Escrita por Ery Lopes
Em cima do Monte do Oráculo havia uma pequena aldeia, onde moravam os índios guardiões da caverna, cuja entrada ficava entre dois enormes arbustos. Não havia qualquer portão ou grade ali; a entrada ficava todo o tempo aberta.
Quando os índios avistaram a chegada da Princesa Carol e do jovem artesão, todos ficaram parados e enfileirados, como que criando um corredor para que os jovens passassem.
Assim eles seguiram por essa fileira e se aproximaram da entrada da caverna. Nessa hora, um dos índios fez sinal indicando que apenas uma pessoa por vez poderia ir consultar o Oráculo.
O rapaz se adiantou em falar:
— Primeiro a alteza, por favor!
Ela agradeceu a gentileza e então entrou na caverna, enquanto o jovem ficou aguardando sentado em um banco de madeira, debaixo de uma das árvores.
A entrada da caverna era escura e só depois de caminhar um bocado é que se podia ver luzes de uma fogueira mais adiante. Lá dentro era como que um quarto. Tinha um pode de água, um tapete colorido e alguns móveis bem simples, como uma cama, uma cadeira e um pequeno armário.
A princesa então avistou um velhinho sentado em um banquinho baixinho próximo à fogueira. Certamente, aquele era o Oráculo. Ele apontou para o outro banquinho, do outro lado do fogo, sinalizando para ela se sentar. Ela obedeceu. Daí ele se levantou, foi até seu armário e abriu um pequeno pote, de onde tirou umas sementes pretas que ele lançou na fogueira. As chamas subiram e uma fumaça perfumada tomou conta da caverna. Era um cheiro muito agradável e fez a moça se sentir mais tranquila.
Sentado novamente em seu banquinho, o Oráculo fechou os olhos, juntou as mãos como que em prece e falou suavemente:
— A princesa quer uma consulta…
— Sim, se possível! — ela respondeu.
Depois de uma pausa, o velhinho perguntou:
— É uma coisa importante? Muito importante?
— Sim, muito importante, senhor! E não apenas para mim, mas para todo o povo do nosso reino.
O oráculo atirou mais algumas sementes na fogueira e o fogo outra vez se ergueu forte. Outro aroma agradável perfumou o ambiente.
Instantes depois, o senhor perguntou:
— É sobre um doce que por lá inventaram, correto?
— Sim, exatamente! — confirmou a princesa, que estava surpresa pelo Oráculo saber do que se tratava.

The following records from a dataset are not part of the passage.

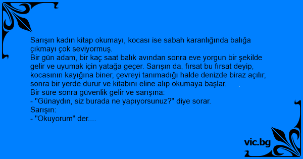 Sarışın kadın kitap okumayı, kocası ise sabah karanlığında balığa çıkmayı çok seviyormuş.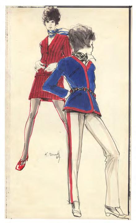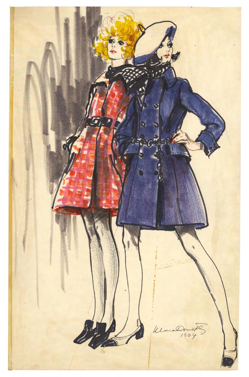 beautifully, but to translate them into desire. She brought an artist’s understanding of proportion and composition to advertising illustration—an approach rare in the local industry at the time. Her figures were never mannequins; they moved, conversed, and inhabited the picture space with narrative energy. The 1960s saw an extraordinary shift in the imagery of women. Donáth’s work captured this transition—from the poised elegance of early-sixties couture to the expressive, liberated attitude of the late 1960s. Her figures echo the new rhythm of Australian urban life that belong to a world of cafés, art openings, and city streets rather than 1930s drawing rooms. Though her training was European, Donáth absorbed the vitality of Australian modernity—Pop colour, youth culture, surf tones—and translated it into her own idiom. Critically, her drawings also challenged the male gaze that dominated mid-century advertising. Donáth’s women look back at the viewer on their own terms. Their elegance is active, not decorative and their beauty derives from intelligence and motion. Her decade of work in Adelaide and Melbourne helped define how Australian women saw themselves during an era of rapid social and aesthetic change and contributed to the visual identity of Australian fashion across the 1960s— a fusion of European sophistication and local spontaneity and innovation.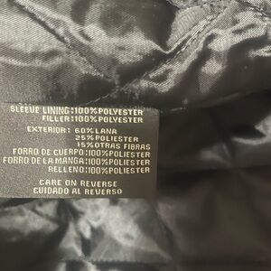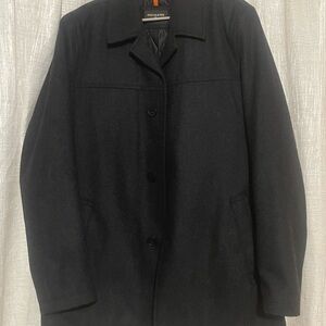 Classic dark black grey wool coat by Dockers. Features a button-up front and a sleek design. Perfect for formal or casual wear.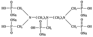 分子式:C9H23O15N3P5Na5 相對分子質量:683.2 結構式: 一、性能與用途 DTPMP·Na5是一種中性產品,DTPMP·Na5無毒,在水處理中用作循環冷卻水和鍋爐水的阻垢緩蝕劑。 DTPMP·Na5可用做過氧化物穩定劑、紡織印染用螯合劑、顏料的分散劑、化肥中微量元素攜帶劑、混凝土添加劑。此外,在造紙、電鍍和化妝品等方面也得到了廣泛應用。 二、技術指標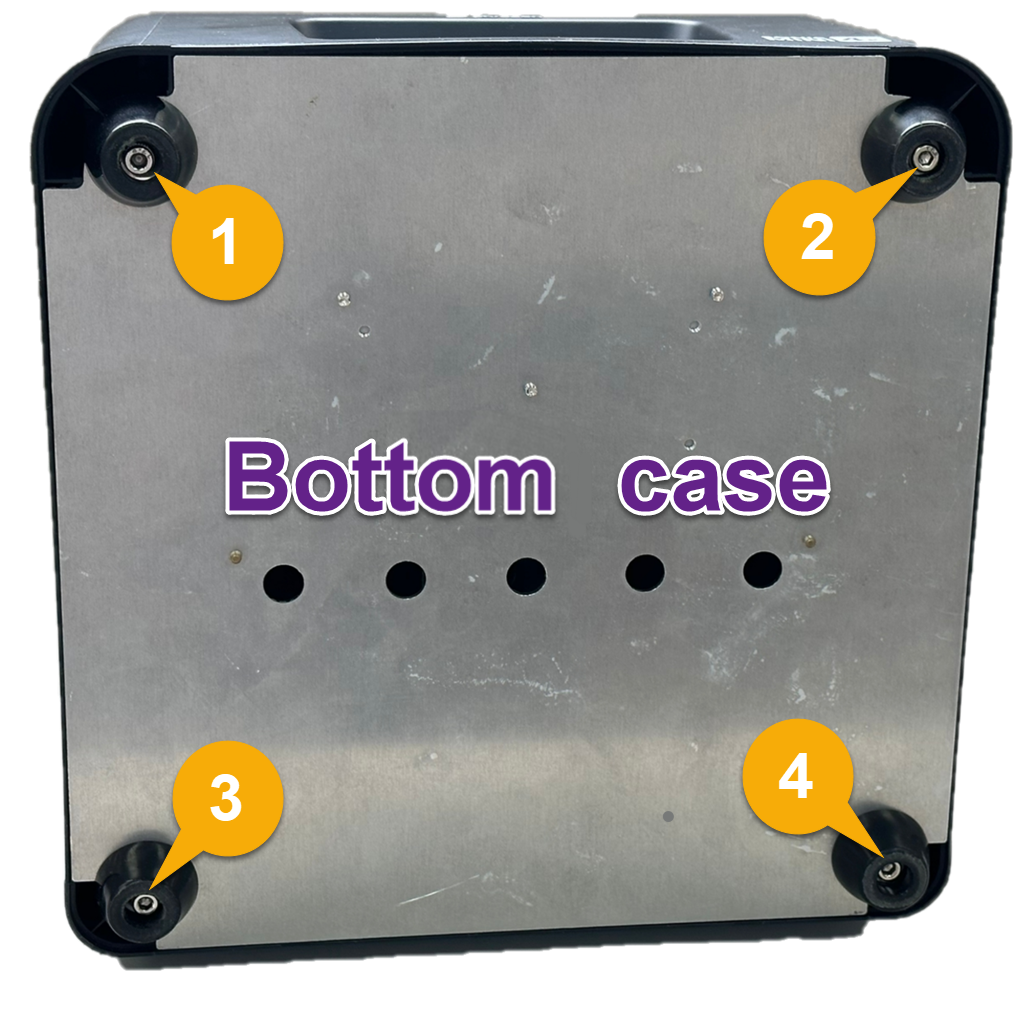 - Loosen the 4 screws on the bottom case, and then open the case.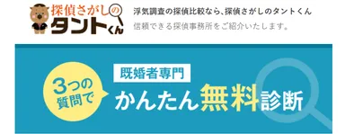 浮気・不倫調査に最適な探偵社を30秒で簡単無料診断 「探偵さがしのタントくん」お悩み相談室に新トピック追加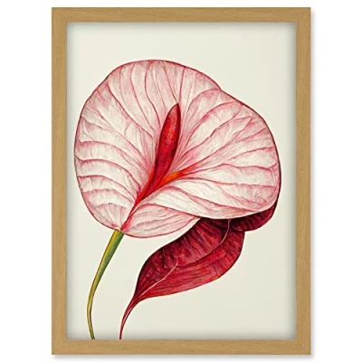 Doppelganger33 LTD Single Red Laceleaf Flower Illustration Anthurium Artwork Framed Wall Art Print A4
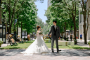 こちらの撮影は夏真っ盛り。街路樹の豊かなグリーンが、ウェディングドレスの純白を引き立てます♪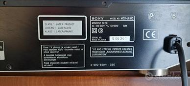 Volevo da titolo vendo registratore/riproduttore minidisc sony MDS JE510, apparecchio vintage anni 90 di cui all'epoca rappresentava uno dei modelli di punta. Conservato e funzionante perfettamente, corredato del suo telecomando originale indispensabile per alcune funzioni di editing e con 11 minidisc (registrati ma riscrisviboli) di cui 2 nuovi. Astenersi da proposte ridicole. Solo se realmente interessati. Nessun segno di usura.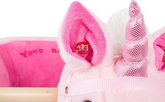 De rit naar avonturenland kan beginnen! Jonge eenhoornliefhebbers kunnen hier lekker op hobbelen. Deze eenhoorn heeft een ergonomische stoel met een vacht. Om deze speciale hobbeleenhoorn in beweging te krijgen, moet de jonge ruiter de houten handvatten vasthouden en heen en weer schommelen. Dit traint vooral de motoriek van kinderen en hun evenwichtsgevoel. Wanneer je op het oor van de eenhoorn drukt, wordt er gehinnikt.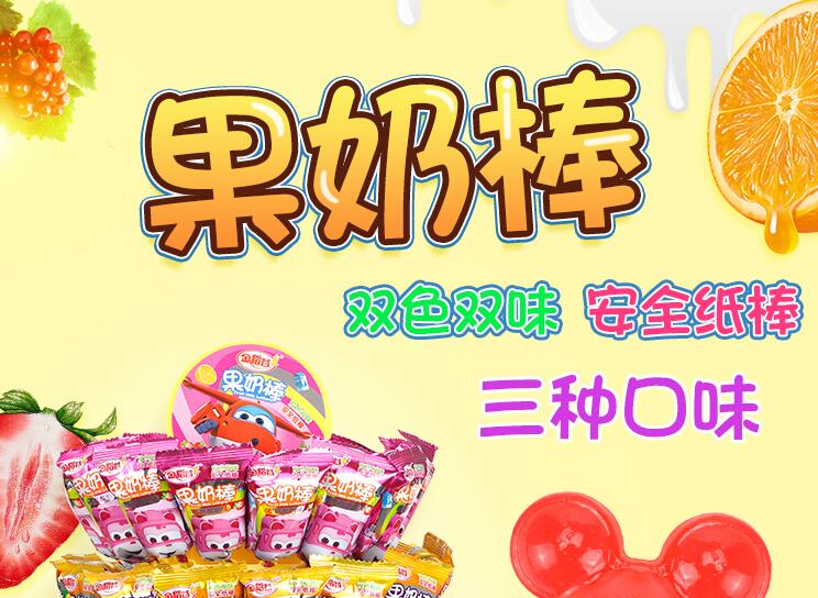 金稻谷果奶棒,双色双味,安全纸棒,三种口味,米奇造型,超级飞侠正版IP授权,缤纷果味,趣乐无穷,15年传统工艺,专注儿童糖果,奶香浓郁,一只在手,快乐我有。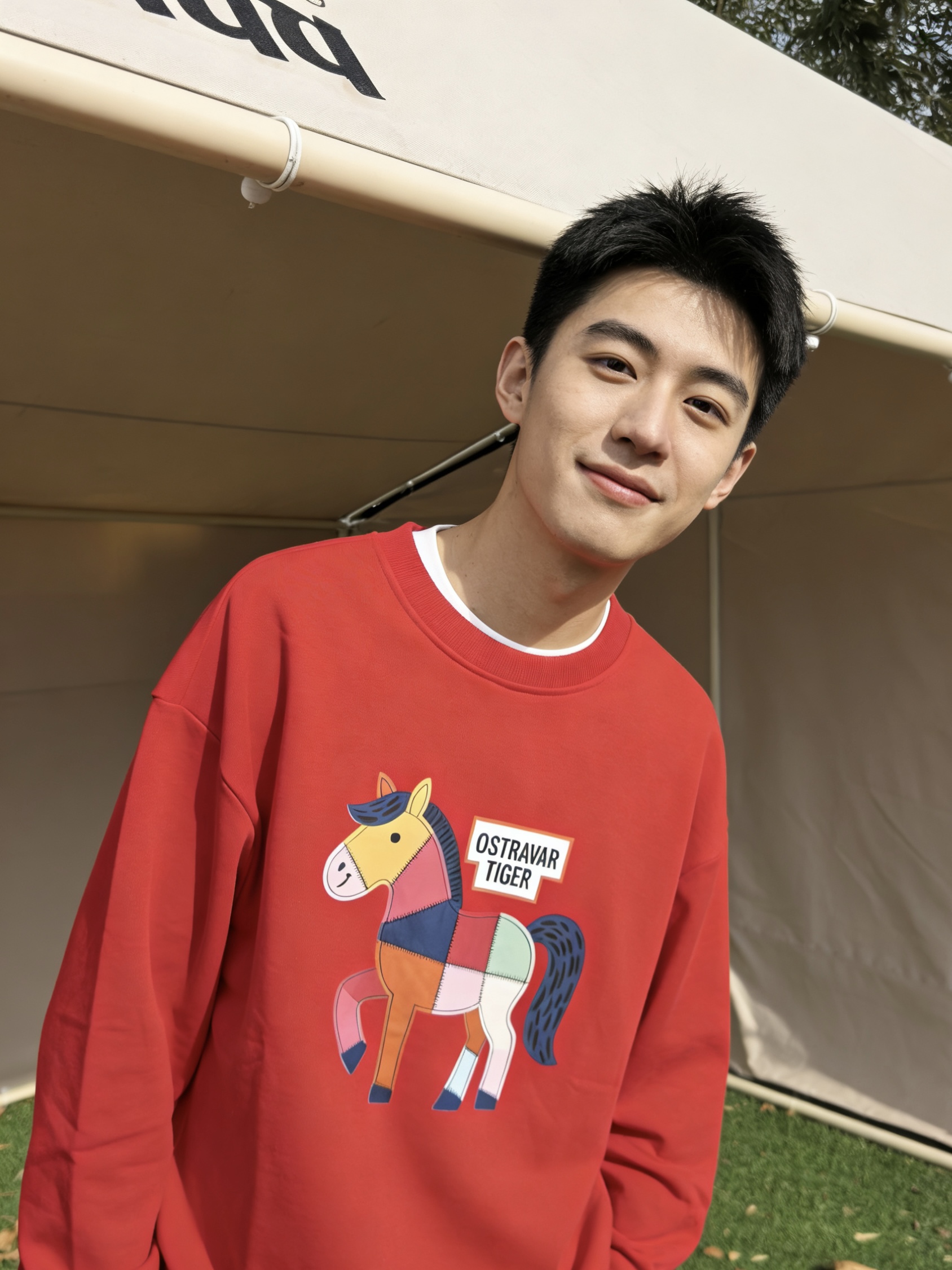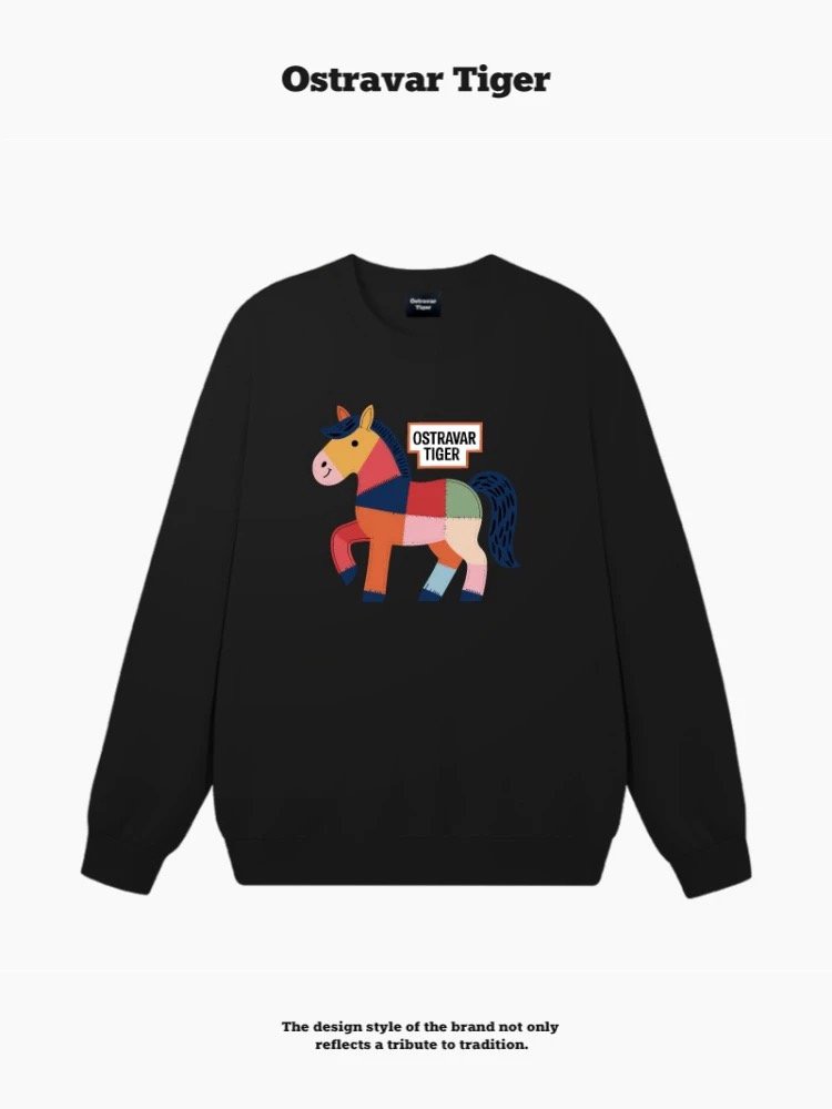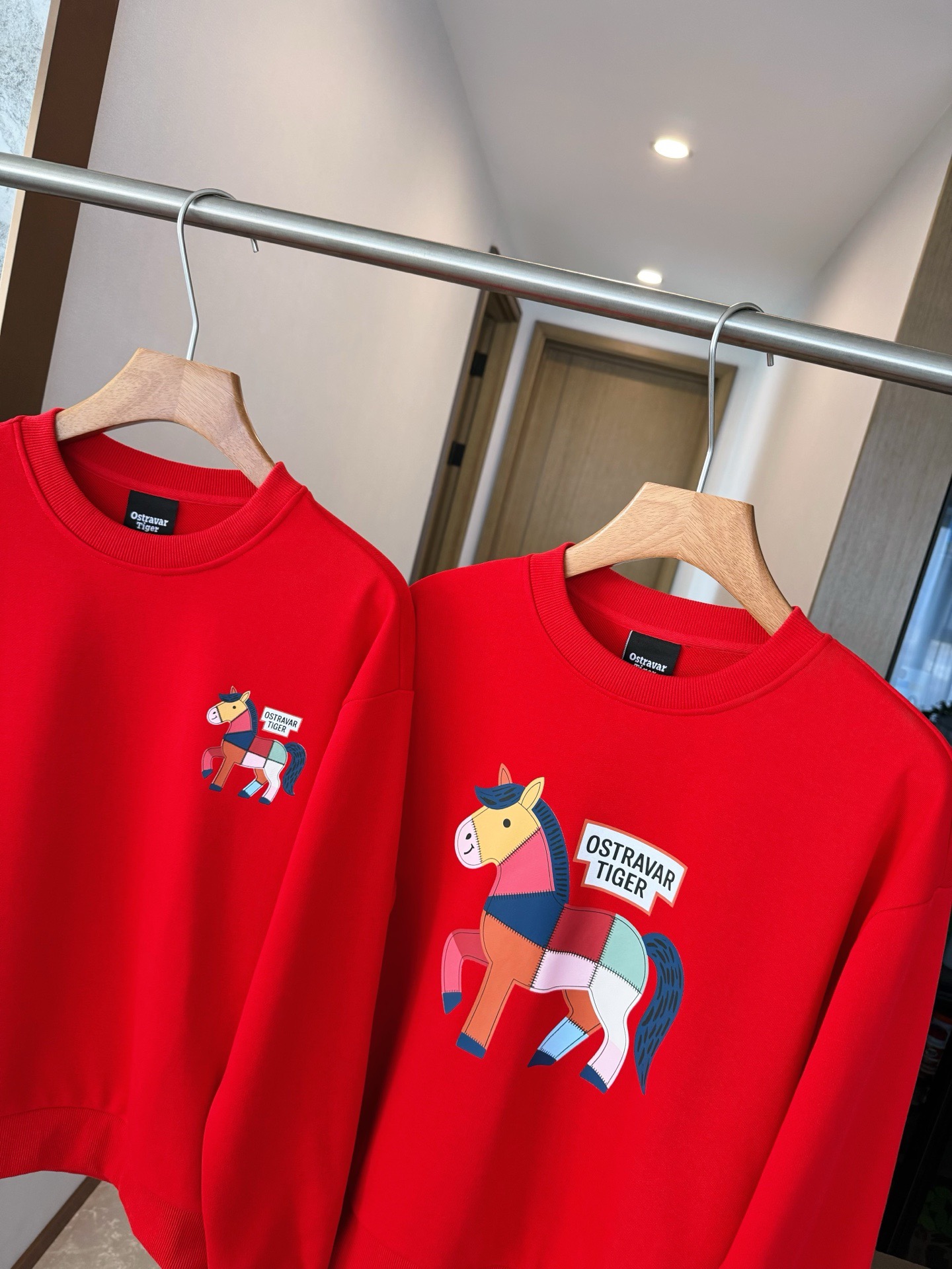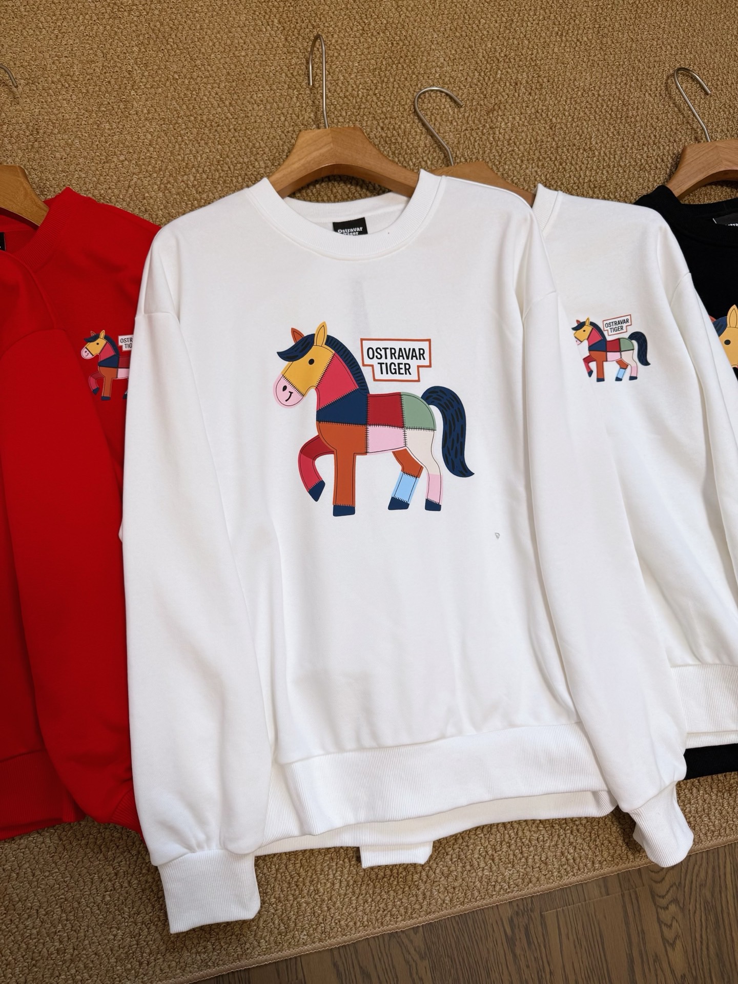 .26马年新年款!正品!OstravarTiger彩马印花情侣圆领卫衣 小标马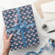 Denna rosa och vita blommiga design på en marinblå bakgrund gör ett mycket vackert presentpapper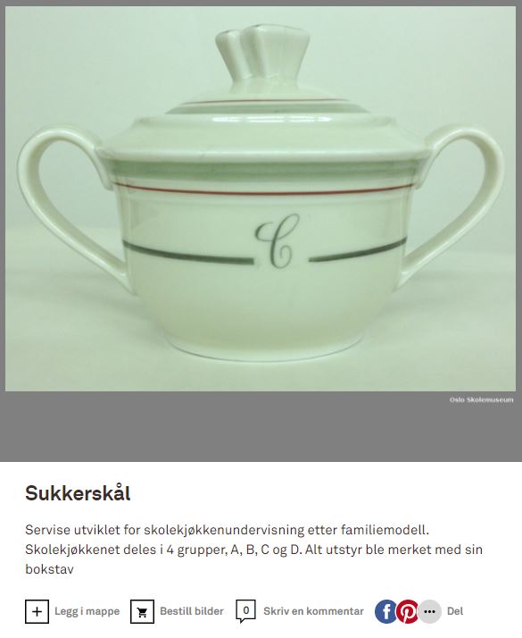 Oslo Skolemuseum sin samling består av skolehistoriske gjenstander som læremidler, elevarbeider og skoleinventar, samt lærerbøker og pedagogisk litteratur. Museets gjenstander er i hovedsak fra slutten av 1800-tallet til i dag. Sukkerskålen på bildet under er en del av et servise designet av Nora Gulbrandsen for Porsgrund porselen. Serien var i produksjon mellom 1935 og 1955. Servise ble utviklet for skolekjøkkenundervisning etter familiemodellen. Modellen går ut på å dele skolekjøkkenet i 4 like grupper: A, B, C og D. Alt utstyr ble merket med sin bokstav. Se resten av serviset på DigitaltMuseum.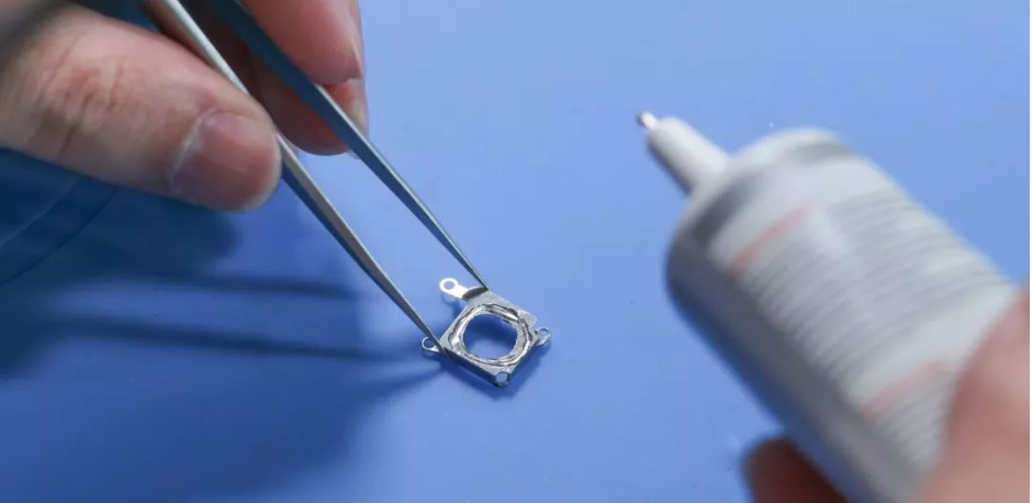 8、使用胶水粘合镜头保护框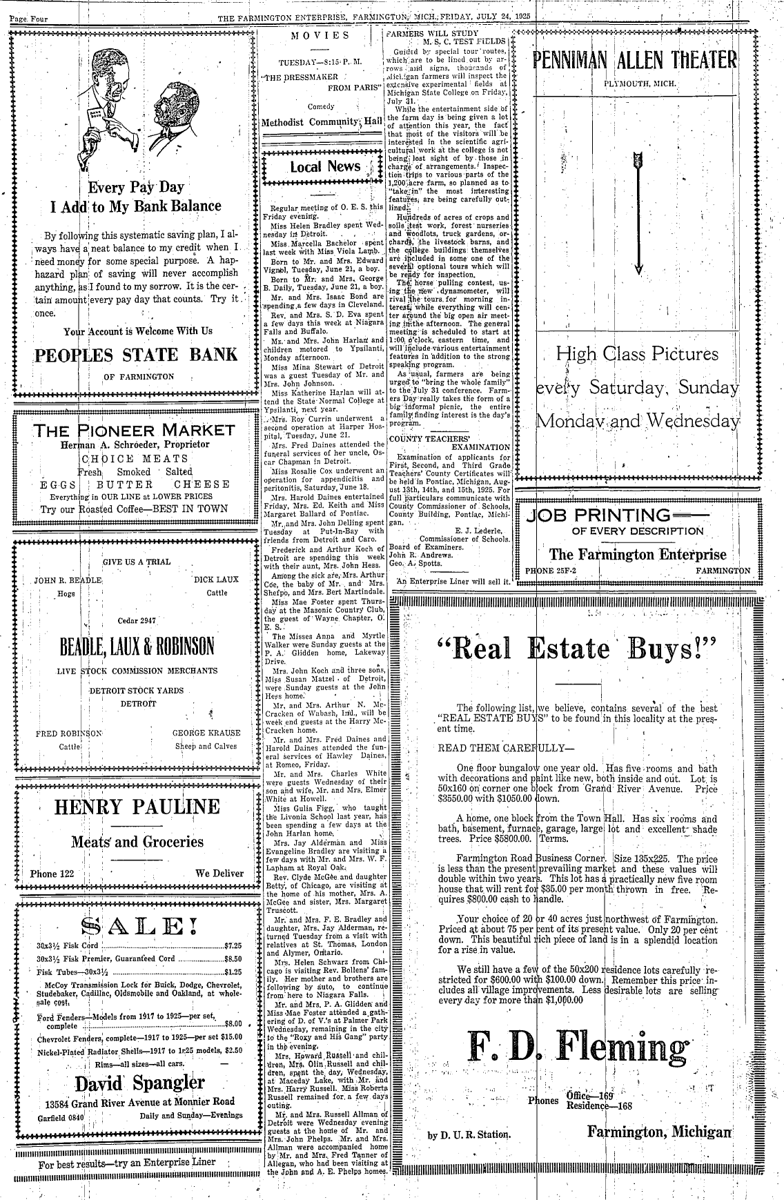 Farmington Observer et al, July 24, 1925.

Ele voltou a atirar sementes na fogueira, fazendo outra vez as labaredas subirem e exalar o agradável aroma.
— A solução é simples!
A moça sorriu com a resposta afirmativa e implorou:
— Então, por favor, me conte: qual é a solução?
* * *
Do lado de fora da caverna, o jovem artesão estava em trabalho. Ele pegou um bambu e começou a cortar pedaços, sendo o próximo pedaço sempre um pouco menor que o anterior. Depois, ele enfileirou os canos e os amarrou com palhas secas, construindo assim um tipo de flauta. Então ele começou a soprar na pontinha dos canos, produzindo assim sons agradáveis. O apito dos canos mais longos soavam notas mais graves, enquanto que os canos menores reproduziam notas mais agudas.
Os guardiões da caverna ficaram todos encantados com aquela arte e reverenciaram o jovem artesão, que então presenteou um dos índios com a flauta que havia acabado de confeccionar.
Nesse momento a princesa deixava a caverna tão sorridente que parecia que iria voar.
— E aí, alteza? — o artesão quis saber — O Oráculo deu alguma solução?
— Sim! — ela respondeu feliz.
Ele mal podia esperar para saber, então pediu:
— E qual é a solução?
— Eu contarei, certamente, mas não há tempo a perder. O Oráculo quer conversar com você imediatamente.
O jovem não cabia em si de curiosidade. O que será que o aguardava lá dentro da caverna? Bem, só havia um jeito de descobrir.